··· The data

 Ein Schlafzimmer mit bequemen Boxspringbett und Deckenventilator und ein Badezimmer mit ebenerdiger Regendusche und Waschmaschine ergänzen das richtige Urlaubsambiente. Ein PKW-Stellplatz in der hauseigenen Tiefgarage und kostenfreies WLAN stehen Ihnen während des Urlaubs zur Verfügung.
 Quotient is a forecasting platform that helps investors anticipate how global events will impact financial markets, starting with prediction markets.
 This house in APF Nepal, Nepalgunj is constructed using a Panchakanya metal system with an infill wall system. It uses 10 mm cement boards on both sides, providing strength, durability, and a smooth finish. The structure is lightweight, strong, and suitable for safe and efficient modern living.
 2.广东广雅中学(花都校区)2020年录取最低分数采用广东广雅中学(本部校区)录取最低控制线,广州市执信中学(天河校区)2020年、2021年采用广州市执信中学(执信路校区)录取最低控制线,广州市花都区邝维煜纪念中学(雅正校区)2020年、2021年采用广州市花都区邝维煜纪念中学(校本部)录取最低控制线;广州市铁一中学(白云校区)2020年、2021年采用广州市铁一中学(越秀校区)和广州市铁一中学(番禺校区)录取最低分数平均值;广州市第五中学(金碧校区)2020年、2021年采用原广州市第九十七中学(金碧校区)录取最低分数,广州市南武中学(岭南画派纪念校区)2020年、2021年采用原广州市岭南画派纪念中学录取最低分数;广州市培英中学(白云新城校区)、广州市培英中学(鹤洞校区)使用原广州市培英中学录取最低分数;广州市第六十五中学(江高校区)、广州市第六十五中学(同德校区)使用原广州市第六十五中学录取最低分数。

······

Copy every line of the data above, beginning with the first and ending with the line that contains "This house in", and give nothing more.

(Exercise result):
 Ein Schlafzimmer mit bequemen Boxspringbett und Deckenventilator und ein Badezimmer mit ebenerdiger Regendusche und Waschmaschine ergänzen das richtige Urlaubsambiente. Ein PKW-Stellplatz in der hauseigenen Tiefgarage und kostenfreies WLAN stehen Ihnen während des Urlaubs zur Verfügung.
 Quotient is a forecasting platform that helps investors anticipate how global events will impact financial markets, starting with prediction markets.
 This house in APF Nepal, Nepalgunj is constructed using a Panchakanya metal system with an infill wall system. It uses 10 mm cement boards on both sides, providing strength, durability, and a smooth finish. The structure is lightweight, strong, and suitable for safe and efficient modern living.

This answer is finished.